Nas palavras do neurocirurgião
Paulo Niemeyer, Claudio Leite (1) era
o maior cirurgião infantil do país. Lança,
pela Editora Lacre, um livro sobre a “doença da negação”,
através da qual passou por dores extenuantes. Ele diz que
está se expondo. No entanto, o benefício que o livro
pode trazer aos que passam pela mesma doença, e ainda não
se identificaram com ela, compensa a quebra do anonimato.
O médico, hoje com 83 anos,
confessa que se julgava acima de tudo. Agnóstico, orgulhoso
e prepotente, não queria entender que era portador de uma
doença que iguala a todos.
“No AA, você vê
juiz ao lado do rapaz de 17 anos que roubou carro para o tráfico.”
“Eu vivia trancado no quarto, sem tomar banho, bebendo vodca.”
“Em 1978, tive um infarto. Não quis ficar internado,
porque não poderia beber. Fui para casa e bebia uma garrafa
e meia de uísque por dia, infartado.”
Em 1997, com 68 anos, no dia 11
de novembro, seu filho lhe deu uma última chance de tratamento:
“tome banho e venha comigo”. Claudio diz que tem uma
gratidão eterna pelo AA, pois perdeu muito tempo bebendo
a própria vida. Está sóbrio desde então.
Recentemente, estive num Seminário sobre Dependência
Química, no Rio de Janeiro. Comecei a pequenina participação
com um “Se Beber Não Opere” e terminei com o
depoimento da “esposa de um dependente” (2). Claudio
diz que “procurava não beber na véspera da cirurgia
e nunca entrou num centro cirúrgico bêbado”.

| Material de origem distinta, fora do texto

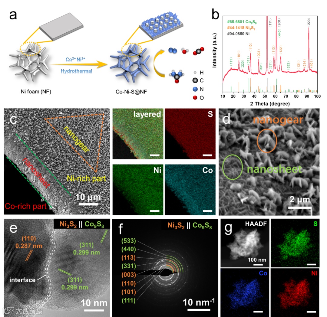 传统的过渡金属硫化物异质结构催化剂通常使用两步法来进行异质结构的构建,这需要复杂的合成步骤。此外,两相之间的界面结合力较差,改善性能效果不明显。本文采用EDTA作为表面活性剂,加入金属前驱体盐和硫源(TU)一步水热,在泡沫镍表面生长出具有丰富异质界面的复合材料(称为Co-Ni-S@NF),其由纳米片状的Co9S8和纳米齿轮状的Ni3S2组成,并通过DFT计算验证了异质界面处具有充分的电荷转移。

Por outro lado percebia as mãos trêmulas. “Um
dia, com o paciente já na mesa de cirurgia, liguei para o
meu assistente e disse que não tinha condições.”
Tudo começou tomando um uisquinho à noite, para relaxar
e descontrair. “Hoje trabalhei muito, mereço.”
Todos começam bebendo moderadamente e nem percebem a doença
de progressão lenta. Difícil, depois, reconhecer que
se está bebendo demais.
A mulher já não falava mais com ele e durante dez
anos não dormiram juntos. O doente gosta de quem não
fica dizendo: “não beba”. Por isso, vai ao motel
e fica 2 ou 3 dias com prostituta, para beber. Ainda encontramos
associado ao álcool mais de 60 doenças secundárias,
o que não é dito na mídia.
“Durante anos sofri e me
destruí, destruí minha família, minha profissão
e cheguei à solidão extrema e à completa
desmoralização.”
Depois de 20 anos de escravidão,
o médico aos 68 anos encontra o AA e desde então são
14 anos sóbrio. O final poderia ser diferente. Conta ele
que tinha mania de arma, fez tiro ao alvo. Um dia o filho tirou
tudo de casa, porque ele estava com a intenção de
dar um tiro na cabeça.
Hoje escreveu “Alcoolismo – A Doença
da Negação”. Seu lançamento
será adiante.
Certamente ajudara doentes, que ainda não perceberam a própria
condição, a dar o salto de qualidade, da consciência
de sono à desperta/lúcida.
O alcoolismo é uma dependência química que afeta
os componentes físico, mental e espiritual.
“Espiritualidade não
é religiosidade”, diz o médico.
Religião, religiosidade
e espiritualidade já são discutidas em pós-doutorado.
Precisamos examinar essa tese, sem preconceito.